Show that there are $(\alpha_m)_{m\in\mathbb{N}}$ and $(A_m)_{m\in\mathbb{N}}$ such that $f(x) = \sum_{m=1}^\infty\alpha_m\chi_{A_m}(x)$ Assignment:

Let $f: \mathbb{R}^n \rightarrow [0,\infty]$ be measurable. Show that, there is non-negative sequence $(\alpha_m)_{m\in\mathbb{N}} \subset [0,\infty)$ and a sequence $(A_m)_{m\in\mathbb{N}}$ of measurable subsets $A_m \subset \mathbb{R}^n$ such that
  $$f(x) = \sum_{m=1}^\infty\alpha_m\chi_{A_m}(x)$$

I understand the idea behind the simple functions but I am unsure on how to begin.
I'd appeciate any help.
 A: This can be done in a rather elegant way. The primary thing to note is this means that the set of $A_m$ such that $x\in A_m$ must entirely determine the value of $f(x)$. Suppose we wrote out a sequence, $(k_m)_{m\in\mathbb N}$ defined by
$$k_m=\chi_{A_m}(x)$$
which basically just lists what sets $x$ is a part of.

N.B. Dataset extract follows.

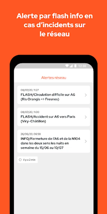 • Integrated information, with the type of event (incident, breakdown, accident, site, etc.), its location, its origin, its description, its impact on traffic and, when possible, the foreseeable duration of disturbances.

We would then have that $\sum_m \alpha_mk_m=f(x)$. So we are trying to, from a sequence of bits, determine a number. So, letting the sum run over all of $\mathbb{Z}$ instead of just $\mathbb{N}$ (which is easily justified), we could set $\alpha_m=2^m$ and then we have
$$\sum_{m\in\mathbb Z}2^mk_m=f(x)$$
meaning that $k_m$ would be exactly the binary representation of $f(x)$. Thus, if we define $A_m$ to be the set of $x$ such that $f(x)$ has a $1$ at the $m^{th}$ digit of its binary expansion, we have put $f$ in the desired form. Moreover, we can write
$$A_m=f^{-1}\left[\bigcup_{i=0}^{\infty}[2^{m}(2i+1),2^{m}(2i+2))\right]$$
where the inner set is measurable, implying so is the preimage $A_m$.